Very interesting birthdays today. A very long time ago I once had a very vitriolic but characteristically nonsensical (on my part) argument with my father about who had a greater impact on history, Isaac Newton or Albert Einstein. I knew what my father wanted me to say -- he was an engineer, so he would have believed (correctly, I might add) that Newton was greater, because his fundamental work on physics had a much greater practical application, while Einstein's work on space, time and relativity was more theoretical. I refused to make an argument for Einstein, however, preferring, in the fashion of the Ivy League pseudo-intellectual that I was at the time, to argue that such questions of who was "greater" were illegitimate in themselves, that such distinctions were unsophisticated, or some such nonsense. (A position not unlike the current "No Labels" impulse in politics, which presumes that not believing in anything strongly is somehow more sophisticated or intelligent.) Anyway, I managed to single-handedly (or single-mindedly) ruin a perfectly good family dinner.

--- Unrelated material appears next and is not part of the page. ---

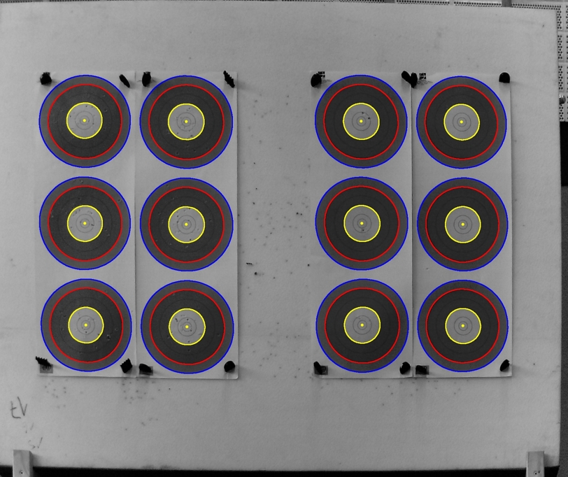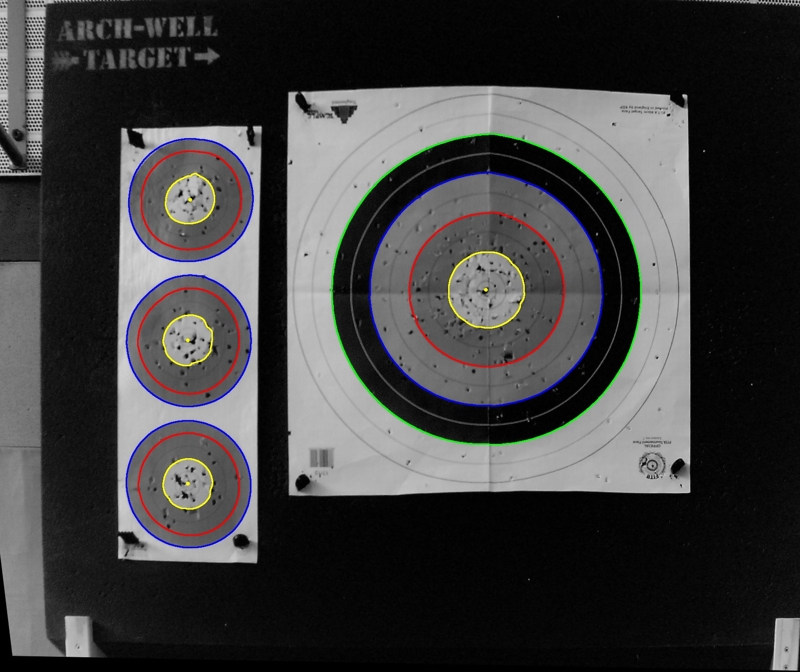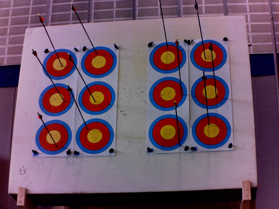 Below you can see a situation in our last indoor training session using 4 vertical spots. The first image shows the calibration RyngDyng did for these target faces. The second image shows an end of the training session. All arrows have been detected and recorded. For RyngDyng it doesn't matter whether the arrows arrive at the same point in time or one after another.

Isaac Newton was born today in 1643.
It's also Dan Quayle's 63rd birthday. I have always thought he got a raw deal and got unfairly stigmatized as "stupid" when he was Vice President.* That's what the liberal media does to attractive young conservatives. As of 1992, Quayle had been a Congressman for four years, a Senator for eight years, and Vice President for four years, at a time when the Soviet Union collapsed and the Bush I administration won the first Gulf War. In other words, he would have been spectacularly well-qualified to be President, and I can't help thinking that, had things gone differently, he might have made a good one. But sometimes those boats sail, and there's not much you can do about it. According to this website, Quayle is now Chairman of Global Operations for Cerberus Capital Management, a $16 billion private investment bank. And, his son Ben Quayle has just been elected to Congress. So maybe he's getting a bit of the last laugh.
Finally, also born today, in 1896, was the Illinois Senator Everett Dirksen, who famously said, in talking about government spending, "a billion here, a billion there.... pretty soon you're talking about real money." Wonder what he'd say today when the federal debt just passed $14 trillion? The sky is falling, and Senator Dirksen is no doubt spinning in his grave.